• Exercise aim
What do the lines say from the one containing "結婚式は高田会館にて仏式の結" to the end of the records? Restate them word for word, and only those.

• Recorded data
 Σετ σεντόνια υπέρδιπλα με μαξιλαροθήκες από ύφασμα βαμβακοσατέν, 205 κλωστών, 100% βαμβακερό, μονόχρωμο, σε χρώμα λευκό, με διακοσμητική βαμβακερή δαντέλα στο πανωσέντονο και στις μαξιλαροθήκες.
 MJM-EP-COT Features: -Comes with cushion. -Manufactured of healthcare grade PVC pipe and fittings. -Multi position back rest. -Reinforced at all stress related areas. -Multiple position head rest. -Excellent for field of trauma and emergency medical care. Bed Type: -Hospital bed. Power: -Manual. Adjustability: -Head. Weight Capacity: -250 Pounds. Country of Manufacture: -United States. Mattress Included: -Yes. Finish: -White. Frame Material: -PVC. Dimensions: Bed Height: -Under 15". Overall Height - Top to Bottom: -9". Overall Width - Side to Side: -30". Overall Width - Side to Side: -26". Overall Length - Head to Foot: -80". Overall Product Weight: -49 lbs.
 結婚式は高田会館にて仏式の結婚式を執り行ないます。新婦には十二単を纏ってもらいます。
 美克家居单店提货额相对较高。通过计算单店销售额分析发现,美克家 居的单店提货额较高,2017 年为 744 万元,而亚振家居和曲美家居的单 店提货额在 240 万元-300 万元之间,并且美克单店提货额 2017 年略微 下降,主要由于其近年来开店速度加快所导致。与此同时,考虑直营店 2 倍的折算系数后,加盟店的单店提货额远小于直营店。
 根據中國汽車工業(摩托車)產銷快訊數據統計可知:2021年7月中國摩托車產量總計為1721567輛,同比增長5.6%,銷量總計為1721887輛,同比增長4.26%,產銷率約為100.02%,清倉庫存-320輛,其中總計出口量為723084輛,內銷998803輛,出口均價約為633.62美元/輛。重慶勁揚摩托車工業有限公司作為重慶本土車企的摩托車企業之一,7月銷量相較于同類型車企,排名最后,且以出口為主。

• Answer to this task
 結婚式は高田会館にて仏式の結婚式を執り行ないます。新婦には十二単を纏ってもらいます。
 美克家居单店提货额相对较高。通过计算单店销售额分析发现,美克家 居的单店提货额较高,2017 年为 744 万元,而亚振家居和曲美家居的单 店提货额在 240 万元-300 万元之间,并且美克单店提货额 2017 年略微 下降,主要由于其近年来开店速度加快所导致。与此同时,考虑直营店 2 倍的折算系数后,加盟店的单店提货额远小于直营店。
 根據中國汽車工業(摩托車)產銷快訊數據統計可知:2021年7月中國摩托車產量總計為1721567輛,同比增長5.6%,銷量總計為1721887輛,同比增長4.26%,產銷率約為100.02%,清倉庫存-320輛,其中總計出口量為723084輛,內銷998803輛,出口均價約為633.62美元/輛。重慶勁揚摩托車工業有限公司作為重慶本土車企的摩托車企業之一,7月銷量相較于同類型車企,排名最后,且以出口為主。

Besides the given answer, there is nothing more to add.